Inflasi Pangan Lampaui Kenaikan Gaji ASN, Sultan Ingatkan Pemerintah Soal Stabilitas Nasional

LIPUTAN.CO.ID, Jakarta – Harga bahan pangan pokok yang terpantau masih bergejolak per Februari 2024 mencapai 8,48 persen secara tahunan atau year on year.

Inflasi ini menurut Wakil Ketua DPD RI Sultan B Najamudin, telah melampaui rata-rata tingkat kenaikan gaji aparatur sipil negara atau ASN, dan kenaikan upah minimum regional (UMR) yang rata-rata naik 4,9 persen selama lima tahun terakhir.

Karena itu, Sultan meminta Pemerintah khususnya kementerian terkait untuk kembali fokus melakukan pengendalian terhadap inflasi volatile food setelah melaksanakannya Pemilu.

“Proses Pemilu hampir usai, kami harap menteri atau pejabat pemerintahan yang terkait dengan urusan pangan dan perdagangan untuk kembali fokus bekerja.

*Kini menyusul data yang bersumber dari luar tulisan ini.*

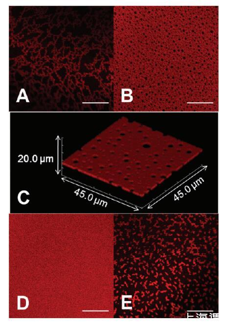 圖2。蛋白質(zhì)組裝的形態(tài),隨離子強(qiáng)度和還原劑的添加而變化。HSATR(0.01 mg/mL)在(A,B)PBS中的AWI下自組裝,pH值7.2,離子強(qiáng)度=53 mM和(C)在掃描體積為45.0*45.0*20.0μm3的情況下,呈現(xiàn)了與圖像B相同的溶液條件對應(yīng)的共焦圖像Z疊層。(D)PBS,pH值7.2,離子強(qiáng)度=530 mM。(E)30 mM DTT,pH 7.2,離子強(qiáng)度=53 mM的PBS。比例尺:20μm。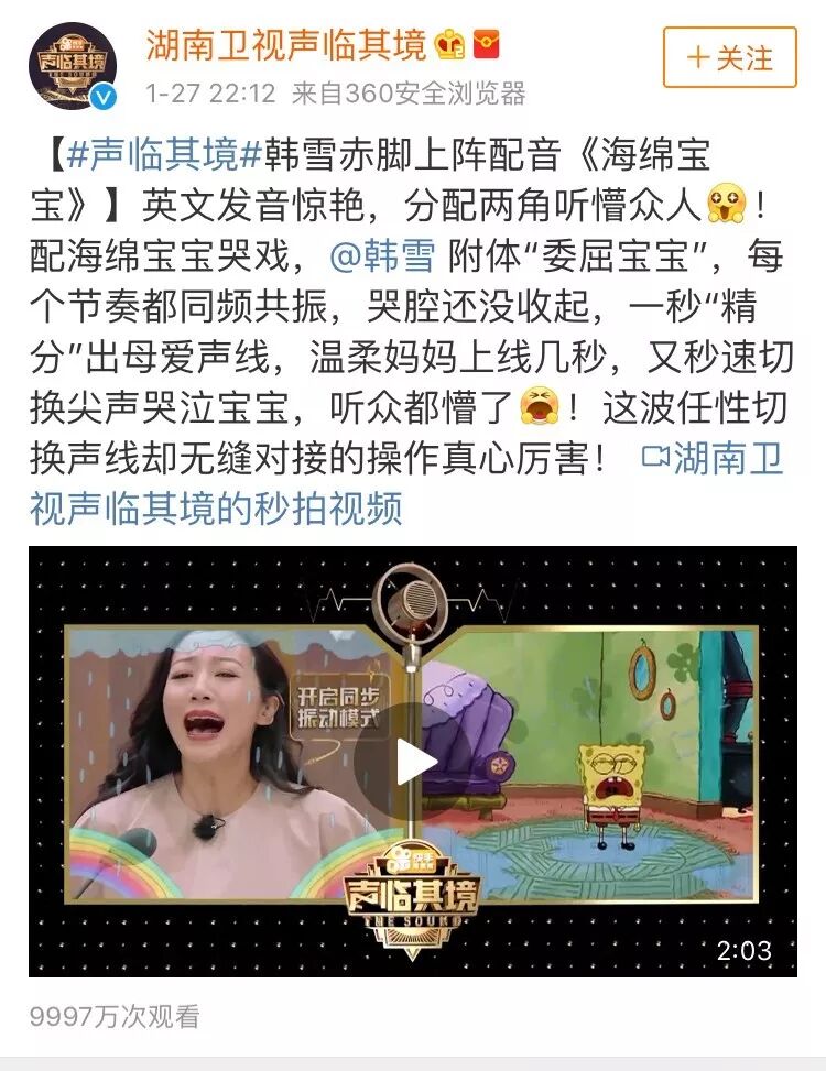1月27日,湖南卫视配音综艺《声临其境》播出第四期,这期节目请来了四位女明星作为配音老师:徐帆、马思纯、贾静雯、韩雪,从国内一线女演员到金马影后,卡司阵容亮眼——但没想到当晚表现最出彩的是韩雪,一段全英文海绵宝宝的配音惊艳四座。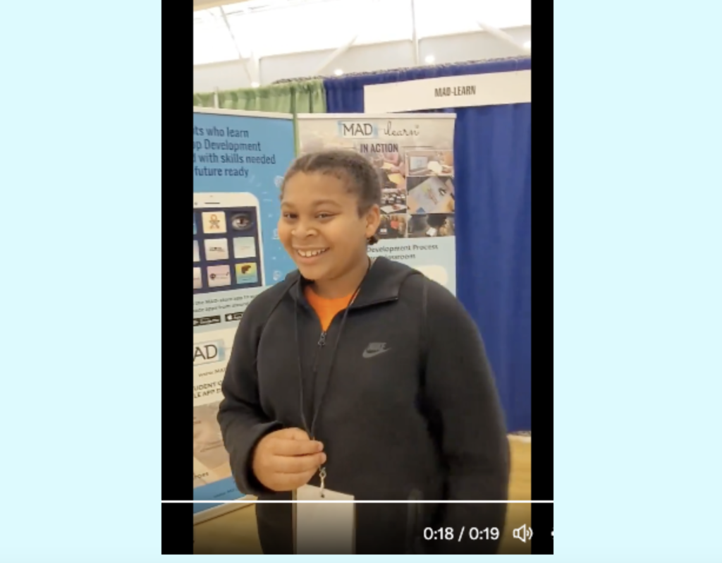 Teachers and students in Memphis-Shelby lit up the room at the I AM THE FUTURE Tech Xplosion event held last week to expose middle schoolers to new technologies.  MAD-learn had the privilege of showcasing mobile app development and our virtual internship program at the vendor fair.  We’re so excited for all the new teachers and students who will start using MAD-learn. Our favorite part of the event was students coming to our booth, looking at us, looking at each other, and exclaiming, “Whoa! We did this! We made an app!” In just the first year of our partnership with the district CTE and Tech Xperts teams, we already have over 800 students who have built mobile apps.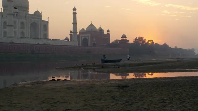 561711 - Taj Mahal, boat ,and reflection of sunset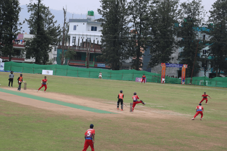 त्यसपछि एकैचौटी छैठौं नम्बरमा क्रिजमा आएका विजय बोहराले १५ र सातौं नम्बरमा क्रिजमा आएका विजय शाहीले १९ जोड्न बाहेक अरु कुनै ब्याटरले सन्तोषजनक प्रदर्शन गर्नसकेनन् ।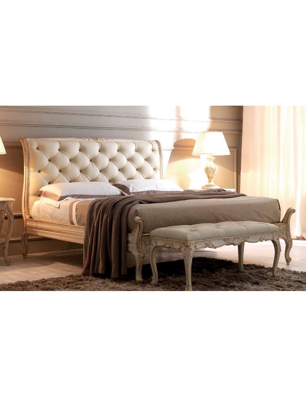 Il letto in foto viene realizzato in legno di tiglio finemente intagliato e decorato da maestri ebanisti.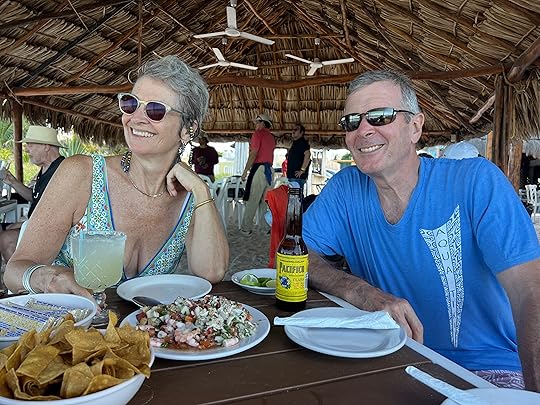 The ride back is really rough, the boat thudding on the waves and drenching us with spray! So we arrive back wet – nothing that a good mezcalita and a plate of ceviche can’t cure!

Inflasi pangan yang berlebihan di tengah proses politik saat ini sangat berpotensi mengganggu stabilitas nasional,” kata Sultan, Selasa (5/3/2024).

Pemerintah, kata Sultan, harus segera melakukan hal-hal taktis untuk memastikan harga pangan bisa kembali normal hingga bulan Ramadan nanti. Sebab isu kenaikan harga pangan cukup besar pengaruhnya dalam kehidupan sosial masyarakat.

“Kita memiliki banyak pengalaman sejarah dengan fenomena ekonomi yang selalu memicu terjadinya demonstrasi massa dalam waktu lama. Dan peristiwa sosial politik yang rentan tersebut selalu diawali oleh persoalan ekonomi nasional,” tegasnya.

Lebih lanjut, Sultan mengusulkan agar pemerintah baik pusat maupun daerah selalu berkoordinasi dalam memantau perkembangan produksi, stok dan harga bahan pangan pokok di setiap daerah. Upaya ketahanan pangan dan ketahanan nasional harus dibangun secara fundamental sejak dari tingkat desa.

“Kita ingin daerah dan desa dijadikan benteng ketahanan pangan nasional yang paling depan. Sehingga, ke depannya setiap daerah harus mandiri membangun lumbung pangan bagi masyarakatnya,” pungkasnya.